■ **WHAT THE TASK REQUIRES**: Please return the lines below verbatim, beginning at the one that has "LENIN maestro en" and stopping after the one that has "كما قد يكون", and add no other lines.

■ **INPUT DATA**:
· · ·

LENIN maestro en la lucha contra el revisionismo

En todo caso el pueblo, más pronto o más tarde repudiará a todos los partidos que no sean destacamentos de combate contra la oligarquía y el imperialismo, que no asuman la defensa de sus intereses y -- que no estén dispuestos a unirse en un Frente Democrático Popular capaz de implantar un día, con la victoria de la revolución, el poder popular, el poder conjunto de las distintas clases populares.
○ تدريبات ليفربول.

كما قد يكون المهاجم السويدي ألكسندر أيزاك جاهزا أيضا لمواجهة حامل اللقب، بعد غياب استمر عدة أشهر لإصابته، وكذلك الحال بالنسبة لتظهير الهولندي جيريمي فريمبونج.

· · ·

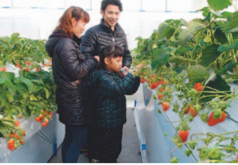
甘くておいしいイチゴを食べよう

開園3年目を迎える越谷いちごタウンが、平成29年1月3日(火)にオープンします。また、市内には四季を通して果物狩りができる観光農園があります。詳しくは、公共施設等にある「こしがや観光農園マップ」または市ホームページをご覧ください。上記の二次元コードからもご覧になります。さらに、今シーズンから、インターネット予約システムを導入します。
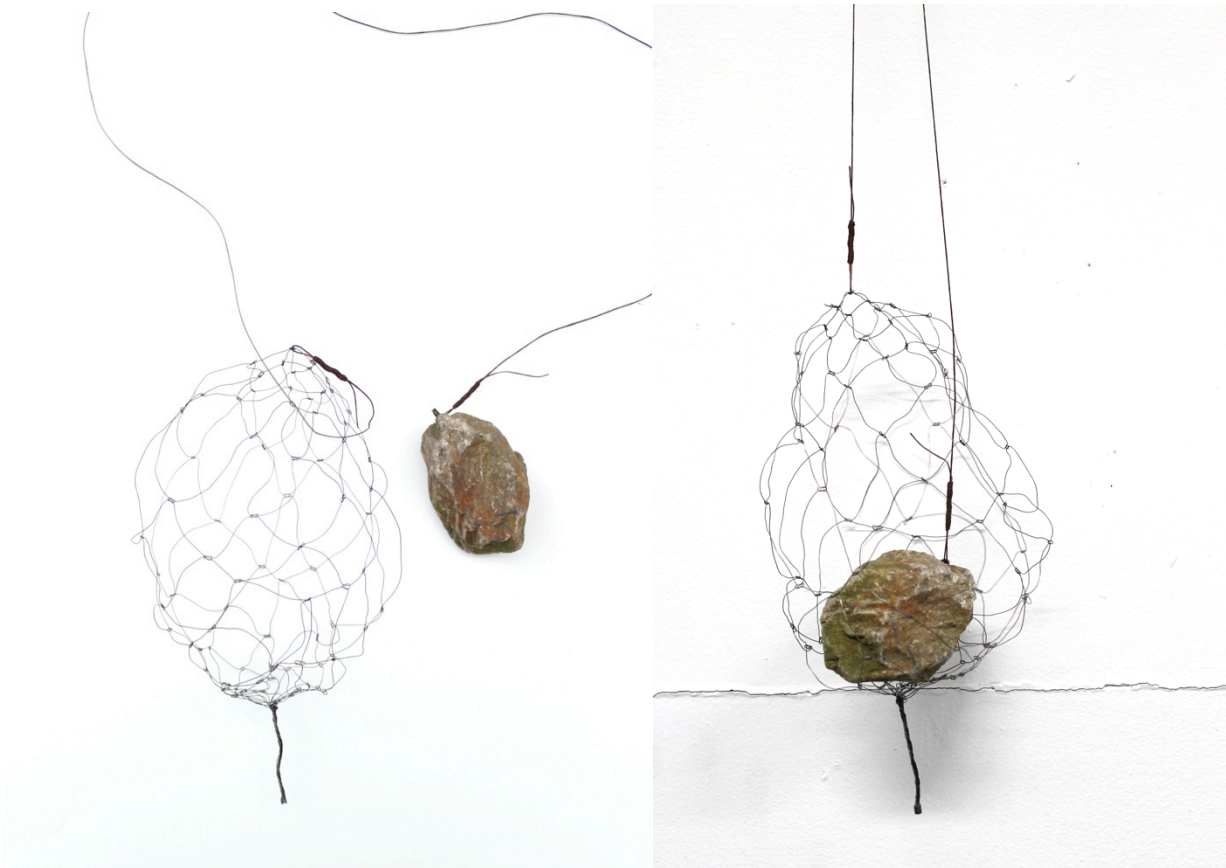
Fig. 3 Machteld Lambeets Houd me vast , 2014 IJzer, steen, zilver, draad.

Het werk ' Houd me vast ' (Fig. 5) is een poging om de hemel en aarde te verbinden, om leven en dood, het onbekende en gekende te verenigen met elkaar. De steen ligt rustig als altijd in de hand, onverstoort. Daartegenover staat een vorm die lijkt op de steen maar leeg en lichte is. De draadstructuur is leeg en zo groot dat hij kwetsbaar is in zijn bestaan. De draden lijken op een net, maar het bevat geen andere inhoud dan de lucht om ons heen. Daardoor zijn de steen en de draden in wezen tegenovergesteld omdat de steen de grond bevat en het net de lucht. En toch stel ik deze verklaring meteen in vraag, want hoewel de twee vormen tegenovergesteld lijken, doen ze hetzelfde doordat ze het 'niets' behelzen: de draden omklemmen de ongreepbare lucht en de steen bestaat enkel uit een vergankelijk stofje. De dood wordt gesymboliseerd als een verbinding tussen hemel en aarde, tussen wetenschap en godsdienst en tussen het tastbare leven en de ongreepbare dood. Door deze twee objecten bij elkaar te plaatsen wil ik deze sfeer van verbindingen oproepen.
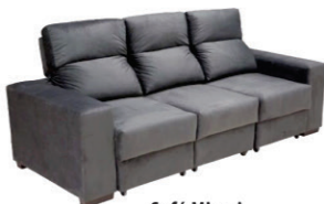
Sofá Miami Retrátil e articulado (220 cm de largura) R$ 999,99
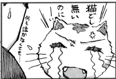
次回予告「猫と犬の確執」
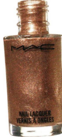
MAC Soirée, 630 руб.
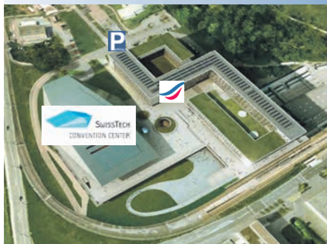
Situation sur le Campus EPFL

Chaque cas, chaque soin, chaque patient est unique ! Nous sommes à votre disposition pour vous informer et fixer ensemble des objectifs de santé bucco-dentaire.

· · ·

■ **OUTPUT FOR THIS TASK**:
LENIN maestro en la lucha contra el revisionismo

En todo caso el pueblo, más pronto o más tarde repudiará a todos los partidos que no sean destacamentos de combate contra la oligarquía y el imperialismo, que no asuman la defensa de sus intereses y -- que no estén dispuestos a unirse en un Frente Democrático Popular capaz de implantar un día, con la victoria de la revolución, el poder popular, el poder conjunto de las distintas clases populares.
○ تدريبات ليفربول.

كما قد يكون المهاجم السويدي ألكسندر أيزاك جاهزا أيضا لمواجهة حامل اللقب، بعد غياب استمر عدة أشهر لإصابته، وكذلك الحال بالنسبة لتظهير الهولندي جيريمي فريمبونج.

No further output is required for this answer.